O número crescente de óbitos por overdose de fentanil nos Estados Unidos reflete uma nova fase da epidemia de opioides que se alastra por todo o país.
Há seis anos, Sean, de 27 anos, perdeu a vida em Burlington, Vermont, vítima de uma overdose acidental de fentanil. Sua mãe, Kim Blake, expressa a tristeza que acomete tantas famílias em um blog dedicado a seu filho, onde escreve: “A cada notícia de uma vida perdida devido ao uso abusivo de substâncias, meu coração se parte um pouco mais. Outra família dilacerada. Sempre lamentando a perda de sonhos e celebrações”.
Neste ano, os Estados Unidos alcançaram uma marca sombria: pela primeira vez, as overdoses resultaram em mais de 100 mil mortes em um único ano em todo o país. Dessas mortes, mais de 66% estavam relacionadas ao fentanil, um opioide sintético que é 50 vezes mais potente que a heroína.

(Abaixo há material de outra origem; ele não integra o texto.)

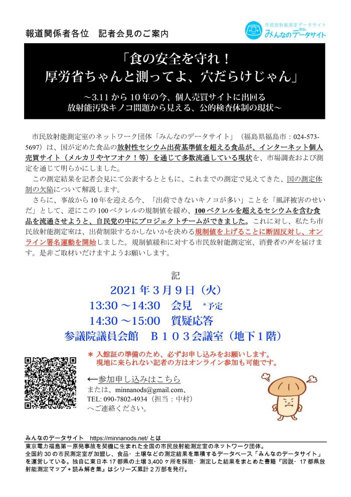 プレスリリース:「食の安全を守れ! 厚労省ちゃんと測ってよ、穴だらけじゃん」 〜3.11から10年の今、個人売買サイトに出回る 放射能汚染キノコ問題から見える、公的検査体制の現状〜 記者会見のご案内

O fentanil é uma substância farmacêutica que pode ser prescrita por médicos para o tratamento de dores intensas. No entanto, também é produzido e comercializado ilegalmente por traficantes. A maior parte do fentanil ilegal encontrado nos EUA é proveniente do tráfico do México e utiliza produtos químicos provenientes da China, conforme informa a Drug Enforcement Administration (DEA), a agência federal encarregada da repressão e do controle de narcóticos.
Em 2010, menos de 40 mil pessoas perderam a vida devido a overdoses de drogas em todo o país, e menos de 10% dessas mortes estavam relacionadas ao fentanil. Naquela época, as mortes eram principalmente causadas pelo uso de heroína ou opioides prescritos por profissionais de saúde. Uma pesquisa recente da Universidade da Califórnia em Los Angeles (UCLA) detalha a mudança nesse cenário, analisando as tendências de mortes por overdose no país entre 2010 e 2021, com base em dados compilados pelo Centro de Controle e Prevenção de Doenças (CDC) dos EUA. Os dados revelam claramente como o fentanil redefiniu as overdoses nos Estados Unidos na última década.
“O aumento do consumo de fentanil produzido ilicitamente desencadeou uma crise sem precedentes”, observam os autores do estudo. Praticamente todos os cantos dos EUA, do Havaí a Rhode Island, foram afetados pelo fentanil. O aumento das mortes relacionadas à droga foi inicialmente observado em 2015, de acordo com as estatísticas. Desde então, a droga se espalhou pelo país, e a taxa de mortalidade aumentou significativamente.
“Em 2018, cerca de 80% das overdoses por fentanil ocorreram a leste do rio Mississippi”, diz Chelsea Shover, professora assistente da UCLA e coautora do estudo. No entanto, em 2019, “o fentanil começou a fazer parte do suprimento de drogas no oeste dos EUA e, de repente, essa população anteriormente resguardada também ficou exposta, e as taxas de mortalidade começaram a subir”, afirma a pesquisadora.
O estudo recente também chama a atenção para uma tendência em crescimento: as mortes relacionadas ao consumo de fentanil em combinação com drogas estimulantes, como cocaína ou metanfetamina. Essa tendência é observada em todo o país, embora com variações devido aos diferentes padrões de consumo em cada região.
Os pesquisadores descobriram, por exemplo, taxas de mortalidade mais altas relacionadas ao consumo de fentanil e cocaína em estados do nordeste dos EUA, como Vermont e Connecticut, onde os estimulantes são geralmente de fácil acesso. No entanto, em praticamente todas as partes do país, da Virgínia à Califórnia, as mortes foram predominantemente causadas pelo uso de metanfetaminas e fentanil.
Blake, que também é médica, conta que seu filho usava cocaína esporadicamente, embora o exame toxicológico tenha detectado apenas fentanil em seu organismo. Ela aprendeu que muitas pessoas misturam diferentes substâncias para prolongar a sensação.
“Não é surpresa para mim esse grande aumento nas combinações de estimulantes e opioides”, observa Blake.
Quando o fentanil chegou inicialmente aos EUA como parte do tráfico, “muitas pessoas não o queriam”, lembra Shover. No entanto, o opioide sintético tornou-se amplamente disponível porque é mais barato de produzir em comparação com outras drogas. Além disso, é altamente viciante, o que significa que os dependentes ficam expostos ao entorpecente e muitas vezes o buscam como uma forma de evitar abstinências dolorosas relacionadas a outras substâncias.
O estudo identificou o Alasca, a Virgínia Ocidental, Rhode Island, Havaí e Califórnia como os estados com as taxas mais elevadas de mortes por overdose envolvendo fentanil e estimulantes nos EUA. Esses locais têm históricos de alto consumo de drogas, segundo Shover. Com a chegada do fentanil, esse consumo tornou-se ainda mais letal.